After a brief survey of current literature, it appears that no standardized benchmarks for ASR on clinical data exists that are widely used. Given the vast resources available from the TalkBank corpus, it is not infeasible to build such a corpus and evaluate the performance of a few commercial ASR systems in its ability to perform such a task.
Despite there not being a single baseline that works to benchmark ASR on clinical datasets, a few different subsets of efforts exists on each component of this front.
Evaluation Datasets
As perhaps an exemplar to the lack of standardization in ASR performance evaluation, the Whisper ASR model ((NO_ITEM_DATA:radford2022robust)) was not evaluated on one particular benchmark but instead a series of multi-domain benchmarks.
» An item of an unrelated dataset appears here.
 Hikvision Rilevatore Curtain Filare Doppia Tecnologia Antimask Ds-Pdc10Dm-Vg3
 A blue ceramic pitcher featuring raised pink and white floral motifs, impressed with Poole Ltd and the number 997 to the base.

This is perhaps for good reason, recent results (discuses below) show that single-domain benchmarks do not describe performance well across other domains, or even other usage methods. Therefore, the battery of different tests done by (Radford et al. 2022) could be essentially thought of as a single battery of multi-usage tests that covers a good span of recent-standard ASR performance tests; among them:
Standard Datasets
- CORAAL: a dataset of high-quality lower-fidelity recordings of African-American vernacular of varying degrees in conversation (incl. cross talk, etc.) ((Farrington and Kendall 2021))
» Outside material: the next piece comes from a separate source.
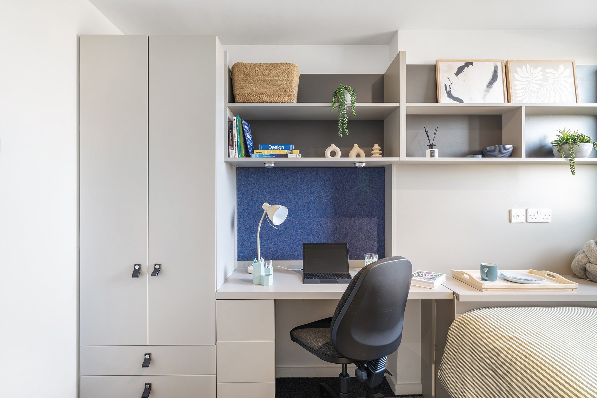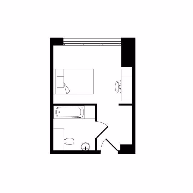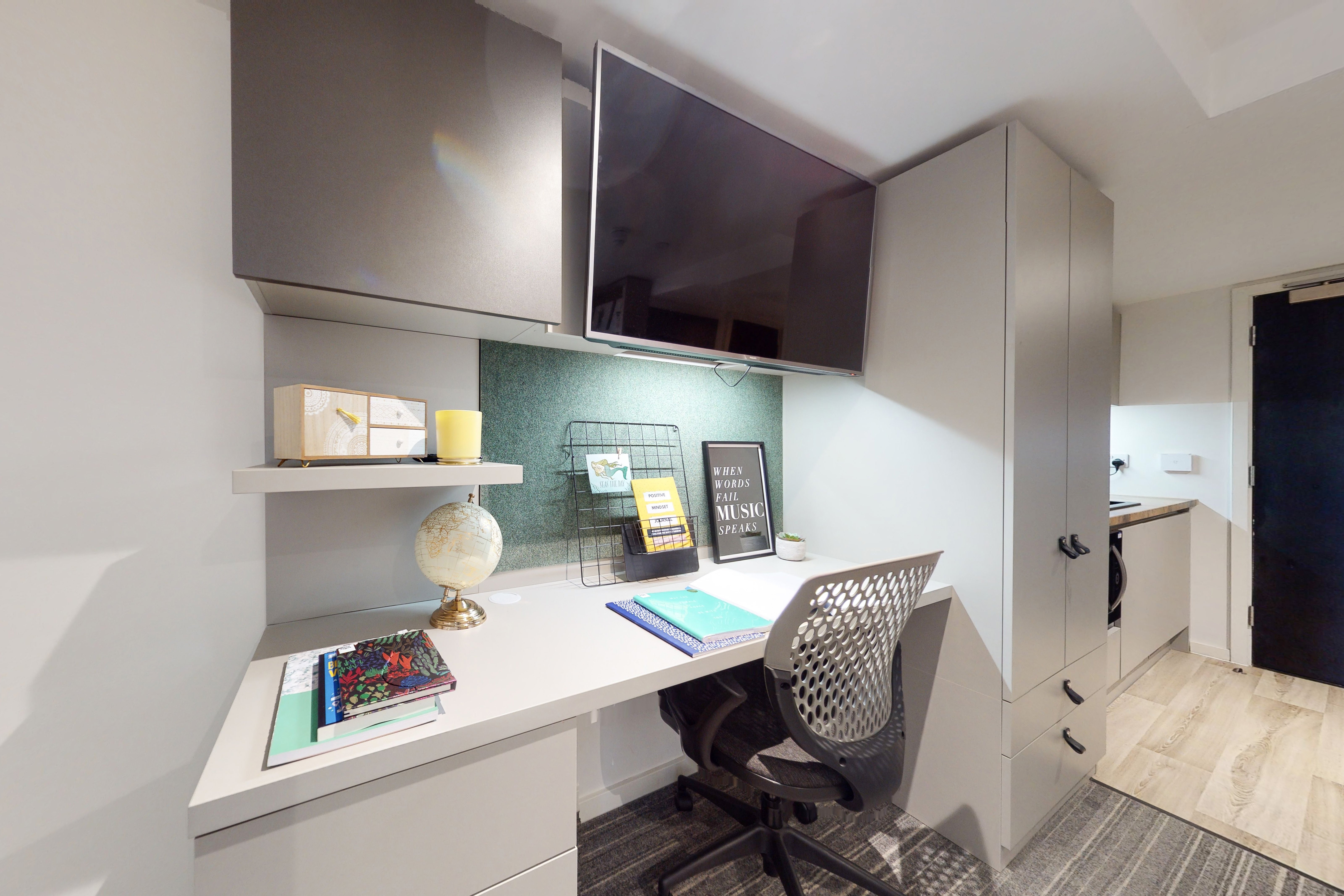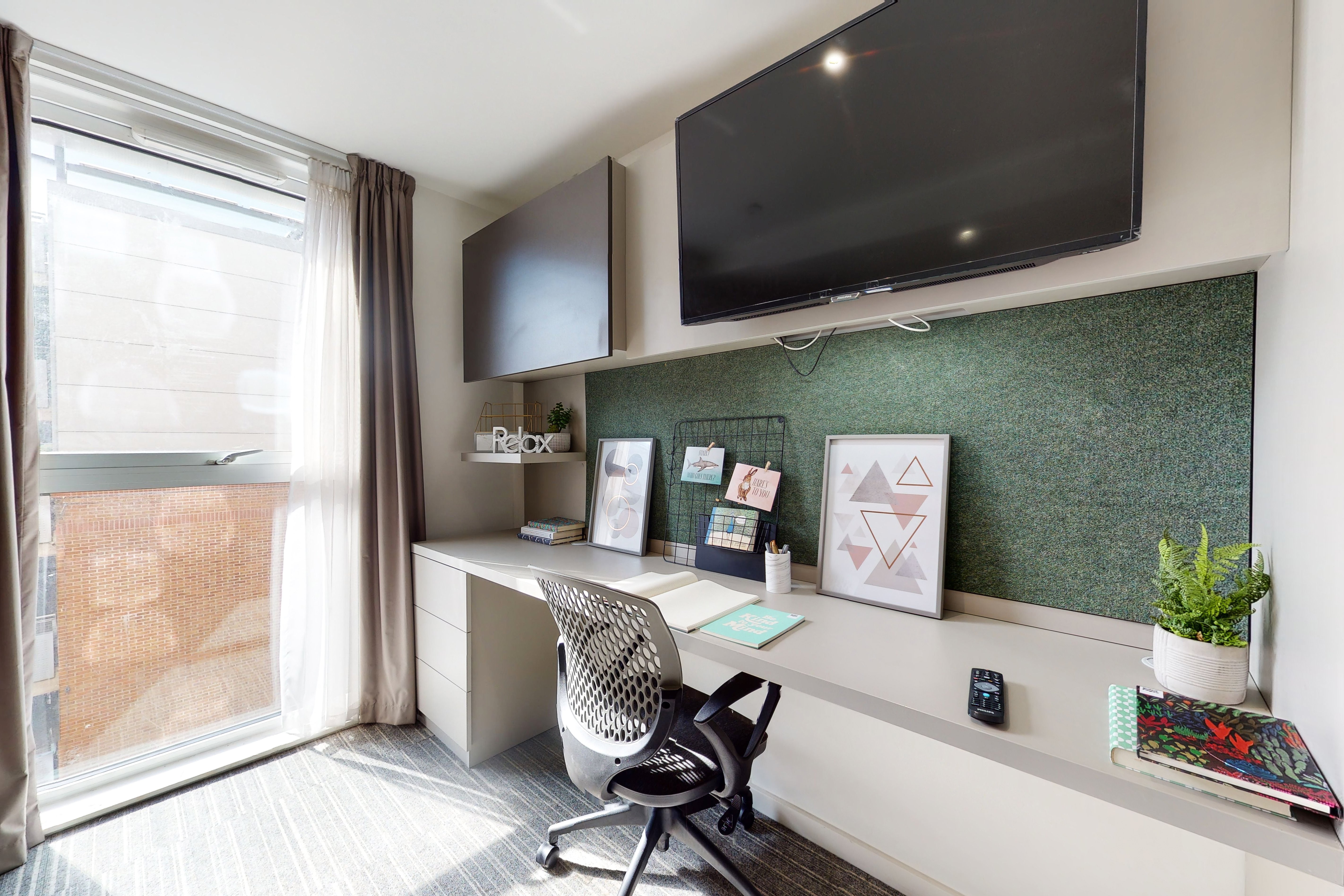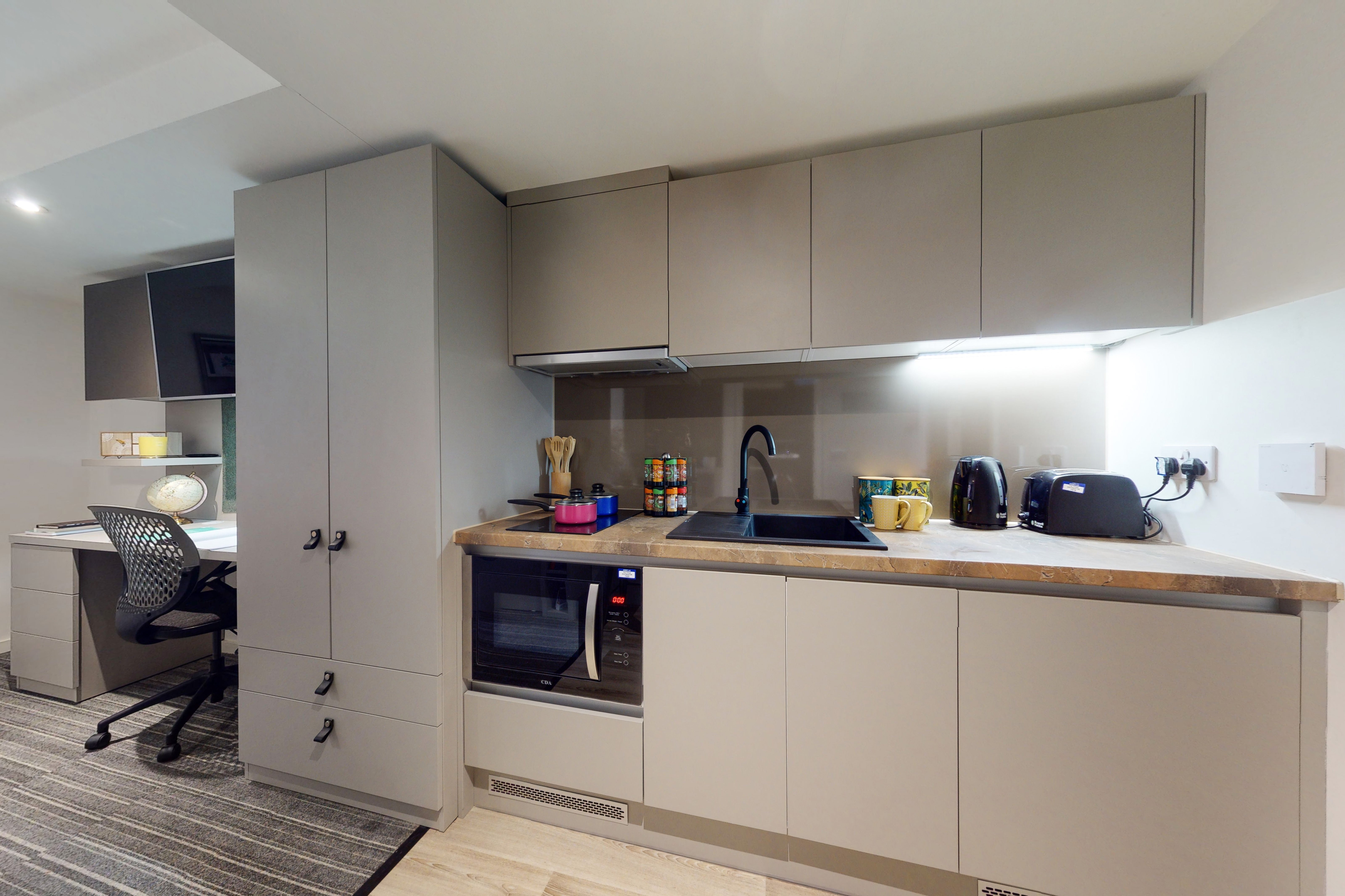 Study desk & chair, wardrobe & additional storage space, private kitchen with cooking facilities, fridge/freezer & sink, private bathroom with shower, toilet & basin.

- EARNINGS: a set of benchmark datasets of earnings calls within various financial industries ((Rio et al. 2021))
- TED-LIUM 3: a dataset of high-fidelity recordings of full-length TED talks ((Hernandez et al. 2018))
In addition to the three evaluation datasets provided, the entire model was also trained on (Panayotov et al. 2015), a gold-standard corpus of open-source high-fidelity recordings of audiobooks.
“Home brew” Benchmarks
In addition to the three published, standard datasets above, Radford et al. also used a series of self-selected datasets of varying quality.
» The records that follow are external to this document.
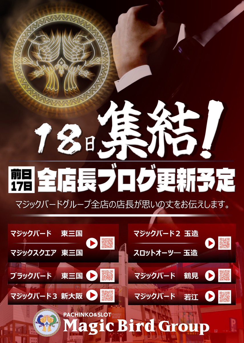 投稿本文: 03/18 特攻すべき注目グループ⚔.🦅マジックバードグループ合同.🪶マジックバード東三国🪶マジックスクエア東三国🪶ブラックバード東三国🪶マジックバード3新大阪🪶マジックバード2玉造🪶スロットオーツー玉造🪶マジックバード若江🪶マジックバード鶴見.→8の付く日特定日→ さらに表示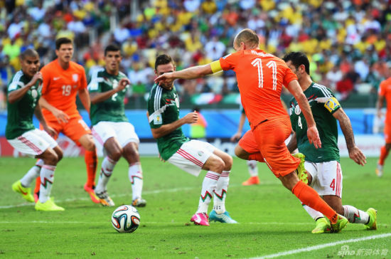 荷兰与墨西哥在接近40度的高温中缠斗了90分钟,最终橙衣军团凭借罗本在最后时刻赢得的点球获得了胜利。绊倒罗本的墨西哥队长拉斐尔·马科斯坚决否认自己有任何犯规的动作。“那不是个点球,是他故意碰到我的。裁判以为是我去碰了他,所以才判了点球。这球不是,但上半场我的一次犯规其实是点球。”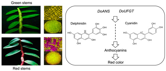 A summary of the differential anthocyanin accumulation in red and green D. officinale stems. D. officinale stems have green or red peels, and red stems are caused by the accumulation of anthocyanins. The red color is dominated by anthocyanin derivatives, delphinidin and cyanidin, which mainly exist in anthocyanin-containing epidermal cells. In addition, DoANS and DoUFGT are vital regulatory genes in anthocyanidin accumulation; DoANS, the gene coding anthocyanidin synthase from D. officinale; DoUFGT, the gene encoding UDP-glucose flavonoid 3-O-glucosyltransferase from Dendrobium officinale.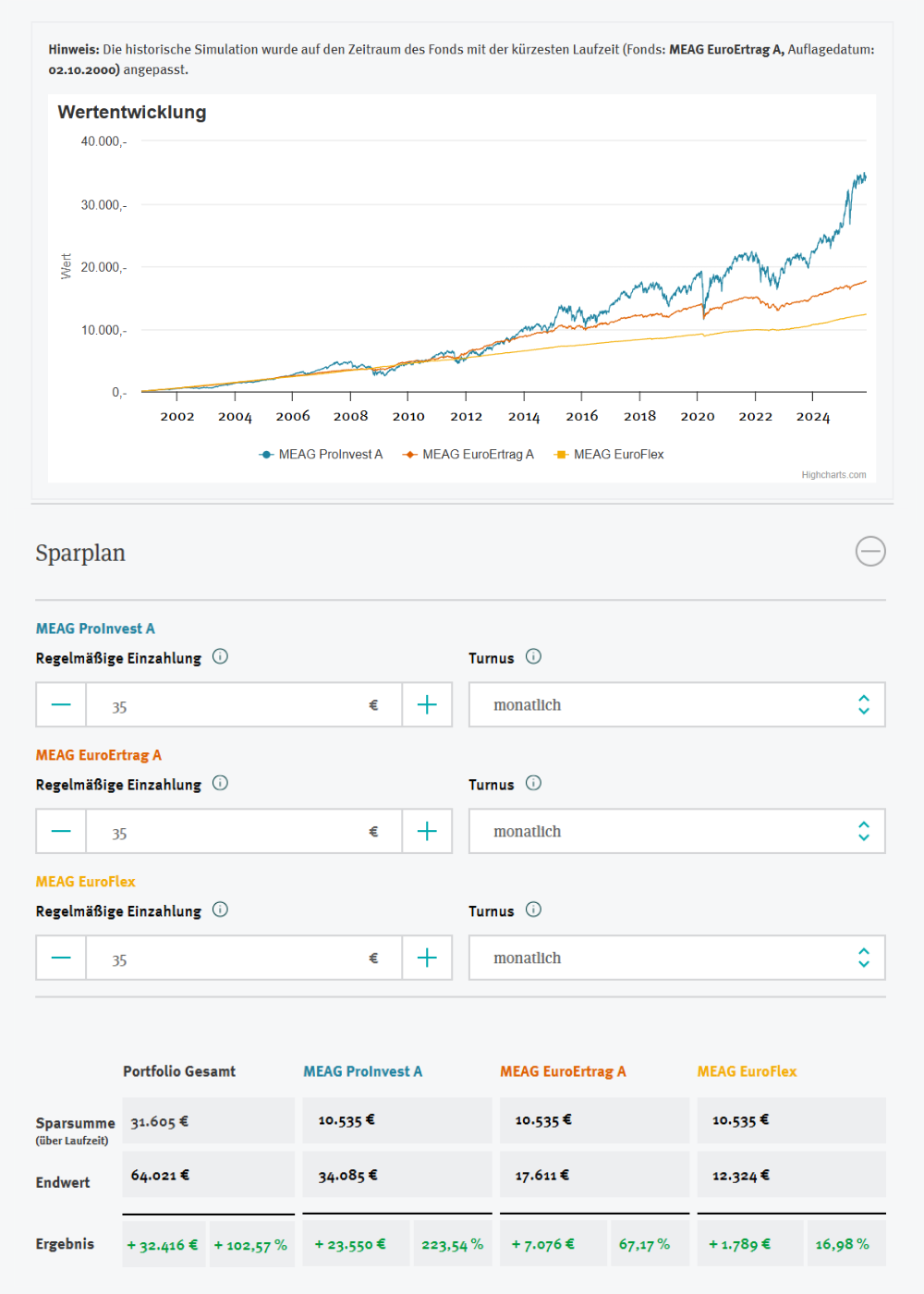 Da bis zu drei Fonds dargestellt werden können, wird außerdem der im Anlegertyp stabil zugeordnete Rentenfonds MEAG EuroFlex, als Beispiel für einen Fonds mit kurzfristigem Anlagehorizont, hinzugefügt.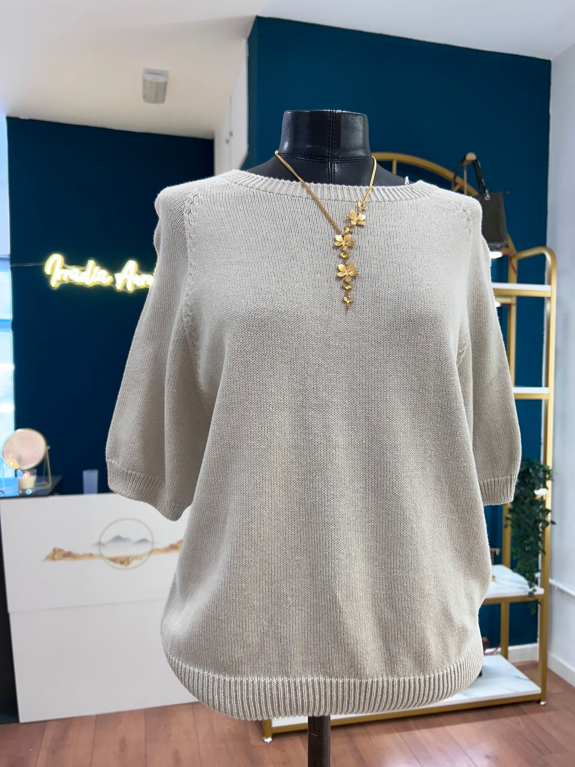 Suéter femenino y versátil en un elegante tono beige claro / arena, ideal para crear looks cómodos, frescos y sofisticados. Su diseño de tejido ligero, cuello redondo y manga amplia a media altura lo convierte en una prenda perfecta para lucir arreglada sin esfuerzo.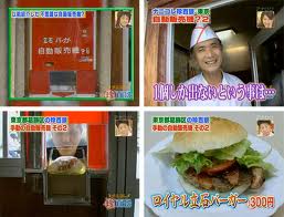 Rocketnews24.com website offers this: a hamburger vending machine at a drive-in eatery in Saitama prefecture in Japan.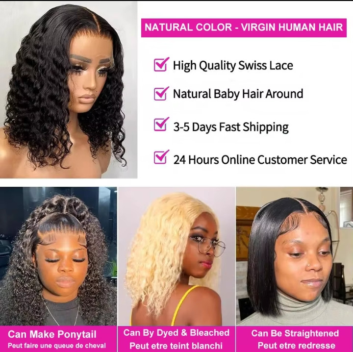 Brazilian Hair Deep Wave Short Bob Wig Human Hair 200% Density 13x4 Lace Front Wigs Deep Curly Wave 4x4 Lace Closure Wigs 16Inch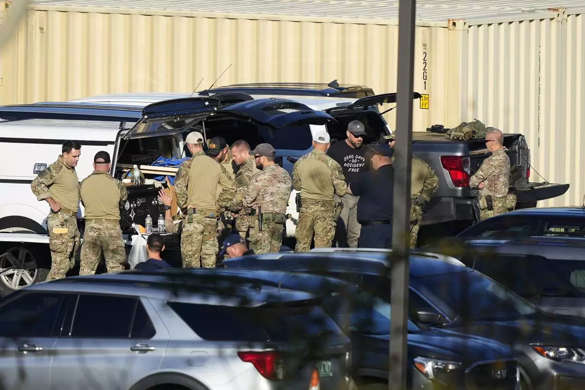 FILE - Law enforcement officers are staged in a school parking lot as a manhunt continues in the aftermath of a mass shooting in Lewiston, Maine, Oct. 27, 2023. (AP Photo/Matt Rourke, file)

- Rev16: Rev.AI’s clean podcast transcription dataset https://www.rev.ai/blog/podcast-transcription-benchmark-part-1/
- Meanwhile: Recordings of Stephen Colbert’s Meanwhile segments
- Kinkaid46: ….apparently a selection of YouTube videos from this guy’s blog post: https://medium.com/descript/which-automatic-transcription-service-is-the-most-accurate-2018-2e859b23ed19
Evaluation Metrics
Most benchmarks still report results in terms of word-error-rate (WER) and the standard lexical distance metric of BLEU ((Papineni et al. 2001)). These are two generally well-accepted ways of reporting ASR performance, and for most of the datasets cited above suffice.
However, some very recent results ((Shor et al. 2023)) indicate that BLEU and WER themselves do not capture a good view for what would be clinically relevant data. Some ASR mistakes (such as that on the investigator, or that which doesn’t relate to the disfluency being observed) matter a lot less than others (errors on the participant, esp. missing filled pauses, wrongly coded utterances etc.). The work by Shor et al. presents also an alternative metric to quantify such errors: essentially training a BERT model ((Devlin et al. 2018)) to perform the classification task of “clinician preference” (i.e. “predict which of these errors would be less problematic to a clinician”), then using the results of that model to evaluate the ASR performance.
This last method is likely overkill. However, it is useful to discuss if richer information–such as special binning for missing clinically significant markers, like filled pauses—in addition to simple BLEU and WER will be useful as we develop our own benchmarks.
Discussion
(Szymański et al. 2020) (sec. 3, “Call to Action) offers some guidance with regards to the design of robust ASR benchmarks. Among which:
- Higher quality annotations, like morphology information we provide with %mor, to help aid language model training
- Broader range of human diects and variations covered
- Performance across many recording domains (various processing of audio signals, properties of the signal itself, etc.)
Though TalkBank contains a wealth of data, individual corpuses often have little variation, which Szymańki et. al. shows cause degraded performance. Therefore, it is useful to create a benchmark that strives across multiple problem domains and recording schemes to be able to provide a reproducible and more accurate benchmark of a given model.
Szymańki et. al. also brought up another issue through their paper: “due to legal constraints … we are not able to provide the community with neither the benchmark data nor the detailed information about evaluated systems.” ((Szymański et al. 2020), section 2.) The anonymization of benchmarked models seen in both Szymańki et. al. and Radford et. al. may point to a certain legal barrier in specifically benchmarking existing, commercial ASR models.